| Dataset content |
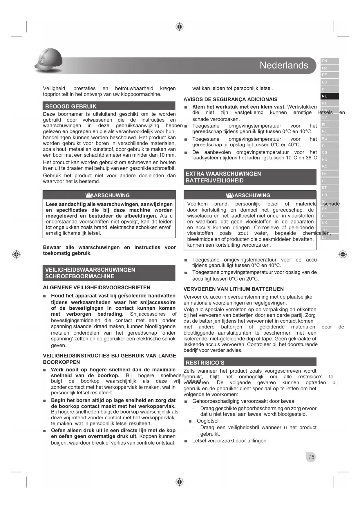 Veiligheid, prestaties en betrouwbaarheid kregen topprioriteit in het ontwerp van uw klopboormachine. BEOOGD GEBRUIK Deze boorhamer is uitsluitend geschikt om te worden gebruikt door volwassenen die de instructies en ZDDUVFKXZLQJHQ LQ GH]H JHEUXLNVDDQZLM]LQJ KHEEHQ JHOH]HQHQEHJUHSHQHQGLHDOVYHUDQWZRRUGHOLMNYRRUKXQ handelingen kunnen worden beschouwd. Het product kan worden gebruikt voor boren in verschillende materialen, zoals hout, metaal en kunststof, door gebruik te maken van een boor met een schachtdiameter van minder dan 10 mm. Het product kan worden gebruikt om schroeven en bouten in en uit te draaien met behulp van een geschikte schroefbit. Gebruik het product niet voor andere doeleinden dan waarvoor het is bestemd. WAARSCHUWING Lees aandachtig alle waarschuwingen, aanwijzingen en specificaties die bij deze machine worden meegeleverd en bestudeer de afbeeldingen. Als u onderstaande voorschriften niet opvolgt, kan dit leiden WRWRQJHOXNNHQ]RDOVEUDQGHOHNWULVFKHVFKRNNHQHQRI HUQVWLJOLFKDPHOLMNOHWVHO Bewaar alle waarschuwingen en instructies voor toekomstig gebruik. VEILIGHEIDSWAARSCHUWINGEN SCHROEFBOORMACHINE ALGEMENE VEILIGHEIDSVOORSCHRIFTEN Ŷ Houd het apparaat vast bij geïsoleerde handvatten tijdens werkzaamheden waar het snijaccessoire of de bevestigingen in contact kunnen komen met verborgen bedrading. 6QLMDFFHVVRLUHV RI bevestigingsmiddelen die contact met een ‘onder spanning staande’ draad maken, kunnen blootliggende metalen onderdelen van het gereedschap ‘onder spanning’ zetten en de gebruiker een elektrische schok geven.
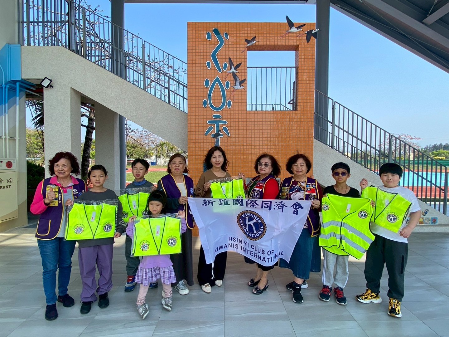 115.03.18 午後,國際同濟會新誼會到校頒贈交通護背心,由學務處靜怡主任與學生代表受贈並回贈感謝狀,感謝同濟會守護港南親師生行的安全。
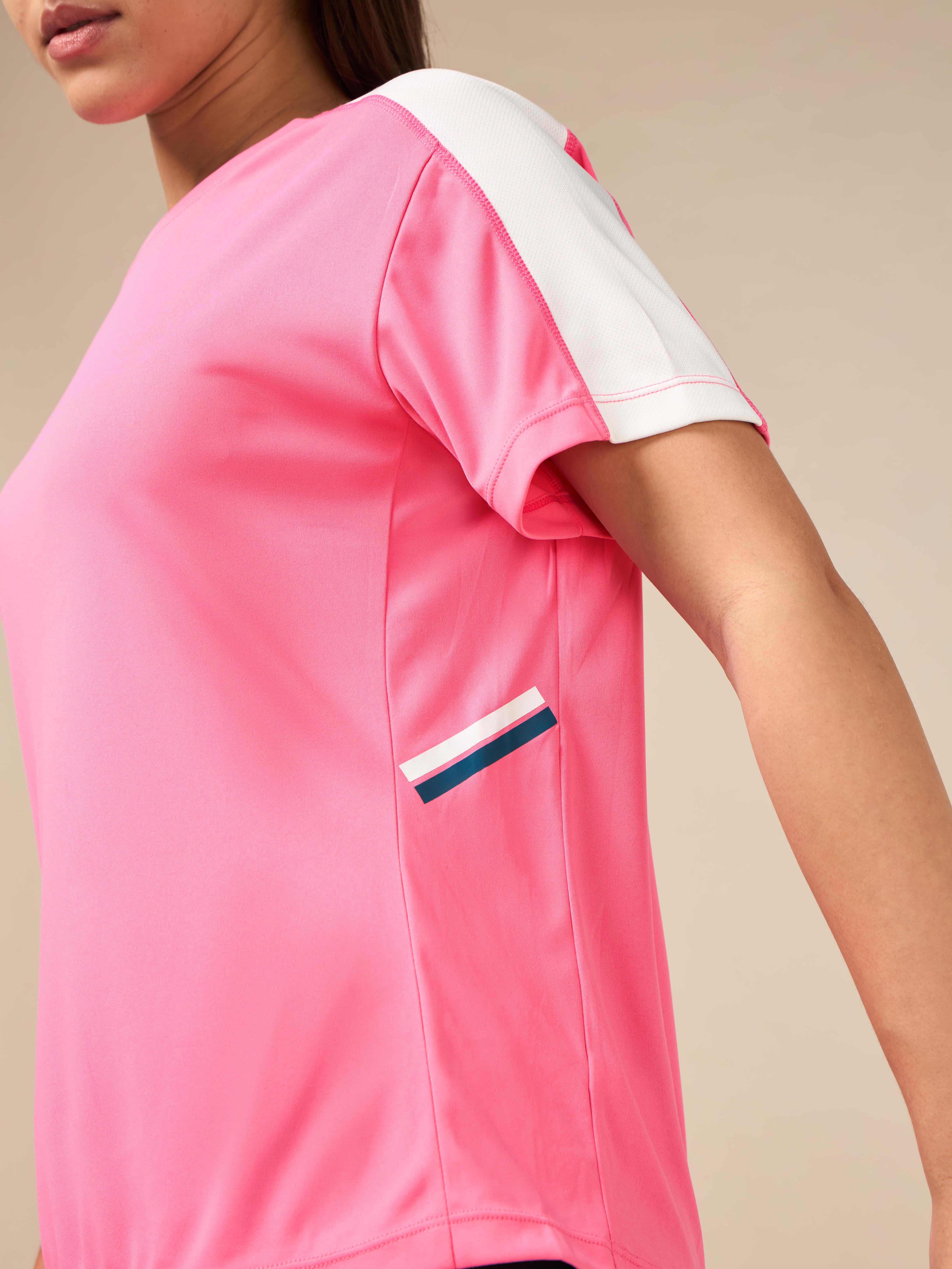 Gear up for greatness with our Train-In Essential T-shirt – the superhero of your workout wardrobe! Made with moisture-wicking fabric, it's your personal sweat-fighting sidekick, keeping you cool and dry through every rep and pose. Its stylish curved hem adds a dash of flair, while its feather-light weight makes it easy for your workouts. Whether you're crushing cardio or training in the gym, this tee is your ticket to fitness. So, slip it on, feel the power, and let your inner athlete shine!
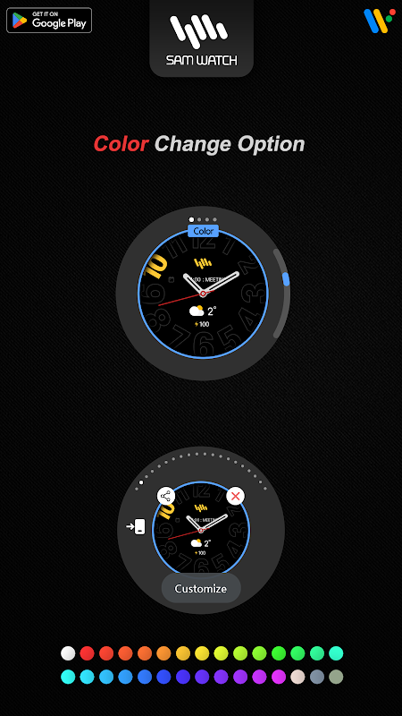 *La aplicación para teléfonos inteligentes es una aplicación adicional en la aplicación Watchface que explica la guía de descarga. Puede ser diferente de la captura de pantalla de la esfera del reloj de la aplicación del teléfono inteligente y la captura de pantalla de la esfera del reloj que realmente se descargó. La mayoría de los productos de la aplicación Watchface de SamWatch incluyen aplicaciones para teléfonos inteligentes.

| Directions for this task |
Repeat the data exactly as written, but without the pictures.

| Final answer |
 Veiligheid, prestaties en betrouwbaarheid kregen topprioriteit in het ontwerp van uw klopboormachine. BEOOGD GEBRUIK Deze boorhamer is uitsluitend geschikt om te worden gebruikt door volwassenen die de instructies en ZDDUVFKXZLQJHQ LQ GH]H JHEUXLNVDDQZLM]LQJ KHEEHQ JHOH]HQHQEHJUHSHQHQGLHDOVYHUDQWZRRUGHOLMNYRRUKXQ handelingen kunnen worden beschouwd. Het product kan worden gebruikt voor boren in verschillende materialen, zoals hout, metaal en kunststof, door gebruik te maken van een boor met een schachtdiameter van minder dan 10 mm. Het product kan worden gebruikt om schroeven en bouten in en uit te draaien met behulp van een geschikte schroefbit. Gebruik het product niet voor andere doeleinden dan waarvoor het is bestemd. WAARSCHUWING Lees aandachtig alle waarschuwingen, aanwijzingen en specificaties die bij deze machine worden meegeleverd en bestudeer de afbeeldingen. Als u onderstaande voorschriften niet opvolgt, kan dit leiden WRWRQJHOXNNHQ]RDOVEUDQGHOHNWULVFKHVFKRNNHQHQRI HUQVWLJOLFKDPHOLMNOHWVHO Bewaar alle waarschuwingen en instructies voor toekomstig gebruik. VEILIGHEIDSWAARSCHUWINGEN SCHROEFBOORMACHINE ALGEMENE VEILIGHEIDSVOORSCHRIFTEN Ŷ Houd het apparaat vast bij geïsoleerde handvatten tijdens werkzaamheden waar het snijaccessoire of de bevestigingen in contact kunnen komen met verborgen bedrading. 6QLMDFFHVVRLUHV RI bevestigingsmiddelen die contact met een ‘onder spanning staande’ draad maken, kunnen blootliggende metalen onderdelen van het gereedschap ‘onder spanning’ zetten en de gebruiker een elektrische schok geven.
 115.03.18 午後,國際同濟會新誼會到校頒贈交通護背心,由學務處靜怡主任與學生代表受贈並回贈感謝狀,感謝同濟會守護港南親師生行的安全。
 Gear up for greatness with our Train-In Essential T-shirt – the superhero of your workout wardrobe! Made with moisture-wicking fabric, it's your personal sweat-fighting sidekick, keeping you cool and dry through every rep and pose. Its stylish curved hem adds a dash of flair, while its feather-light weight makes it easy for your workouts. Whether you're crushing cardio or training in the gym, this tee is your ticket to fitness. So, slip it on, feel the power, and let your inner athlete shine!
 *La aplicación para teléfonos inteligentes es una aplicación adicional en la aplicación Watchface que explica la guía de descarga. Puede ser diferente de la captura de pantalla de la esfera del reloj de la aplicación del teléfono inteligente y la captura de pantalla de la esfera del reloj que realmente se descargó. La mayoría de los productos de la aplicación Watchface de SamWatch incluyen aplicaciones para teléfonos inteligentes.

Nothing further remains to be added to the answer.